To me personally, it feels like TypeORM abstracts more of the process, while giving the developer control on just the few things that matter, giving the developer a feeling of being in even more control.

## Frontend

Frontend is built with [React](https://react.dev/) and styled with [Material UI](https://mui.com/material-ui/).

[Redux](https://redux.js.org/) is used for state management. Client's state isn't too complicated so [React's Context API](https://react.dev/learn/passing-data-deeply-with-context) could have been used instead, but I was interested in learning more about Redux and at least it leaves room for scaling.

[Full-Duplex](https://techterms.com/definition/full-duplex) connection to server is created using [Socket.io](https://socket.io/). It primarily uses WebSockets to send messages both ways. All socket connections are authenticated with the JsonWebToken that is returned from the server on successful login. JWT is currently stored in [LocalStorage](https://developer.mozilla.org/en-US/docs/Web/API/Window/localStorage).

[CORS](https://developer.mozilla.org/en-US/docs/Web/HTTP/CORS) is not needed even when running the client in development mode as Vite is configured to proxy these connections to server port and to change the origin. This works for both HTTP and WebSocket connections.

## Setup

### Environment

#### Node version

The build process requires a least Node version 15.x or higher because of some dependencies. Some dependencies warn that to get the optimal performance, at least version 18.x is needed.

It's good to note that these are dev dependencies and running the built application in production might be possible with a lower version of node.

The production version is running version 20.9.0.

### Backend

1. Change to `/server` directory

2. Run `npm install`

3. Create `.env` file with required env variables

   a. Check out `.env.template` for instructions or copy the contents of `.env.dev` that are configured to be used with `docker-compose.dev.yml`.

   b. This requires setting up PostgreSQL and Redis databases. This can be done easily with `docker-compose.dev.yml` in the root directory. This requires Docker.

   c. NOTE: Use separate databases and your own secret for production.

4. For the server to serve the client, client project needs to be built. Look for setup instructions below.

5. Now you can run the application with following commands:

   a. Run `npm run dev` for development with automatic reloading on save.

   b. Run `npm run build` and `npm start` to build and run for production.

   c. Run `npm test` for running tests

   d. Run `npm start:test` to start server with `test` mode (required for E2E tests)

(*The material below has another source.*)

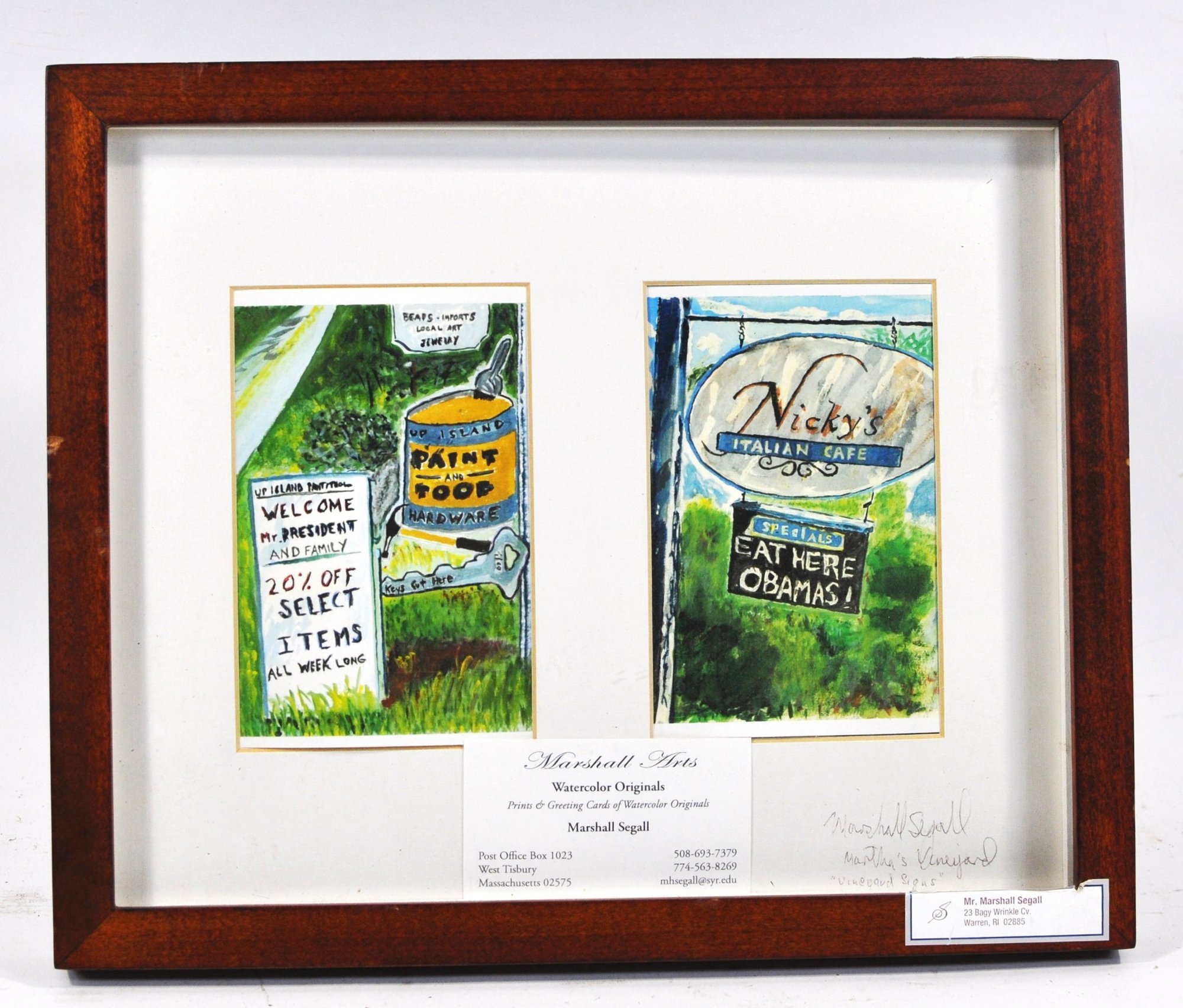 Framed original watercolor artwork by Marshall Segall depicting two humorous Martha’s Vineyard shop signs. Signed lower right and titled “Vineyard Signs.” Nicely presented in a wooden frame with double window mat and artist’s business card included.
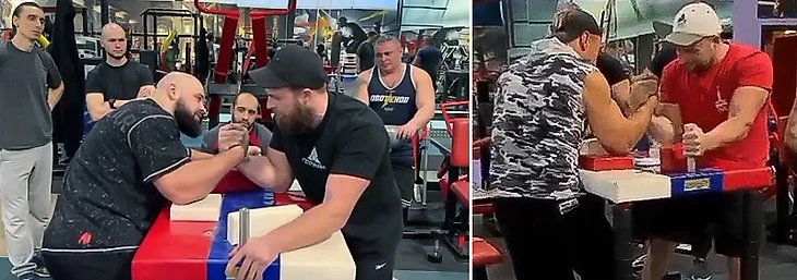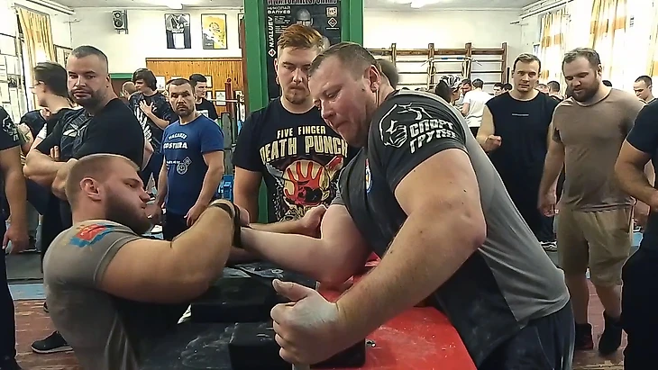 Но одно дело спарринг, а совсем другое соревновательный армфайт. Здесь так легко расправляется с тяжами, как у Дима делает на тренировках, уже может и не получится! Владимира, например, его грозный, но маленький соперник похоже абсолютно не пугает. Он даже предложил Диме побороться с ним в его коронку, в крюк! «Во мне сейчас 101кг. Форма хорошая, в целом не жалуюсь» - признался Владимир.

   e. Run `npm test:e2e` to run End-to-End test while server is running in `test` mode. Run this in a separate terminal.

#### Database migrations

Database migrations are run automatically when running the server or tests.

Migrations can also be run manually to testing database with `npm run migration:run`.

Migrations can be generated with `npm run migration:generate --name=`.

These migration commands both use the test database so it needs to be set up. (See instructions above and in .env.template).

Existing migrations also have to be run before generating new migrations.

### Frontend

1. Change to `/client` directory

2. Run `npm install`

3. Now you can run the application with following commands:

   a. Run `npm run dev` for development with hot reload. Server still needs to be running.

   b. Run `npm run build` to build static files. This needs to be done for the backend to start serving the client.

## Usage

### Backend

Express API endpoints:

These URLs work when running locally and port is left to default (3000)

```

Create user:

POST http://localhost:3000/api/users

REQUEST BODY { "username": "username", "password": "password"}

Get single user:

GET http://localhost:3000/api/users/:id

Login (get token):

POST http://localhost:3000/api/login

REQUEST BODY { "username": "username", "password": "password"}

```

### Frontend

Client can be accessed in the localhost port that is printed to console after running the application. e.g. http://localhost:3000.

When running frontend separately in dev mode, client should be accessed in a separate URL that is printed to frontend dev server console.

When running only the server, client can be accessed at the root path of the server URL.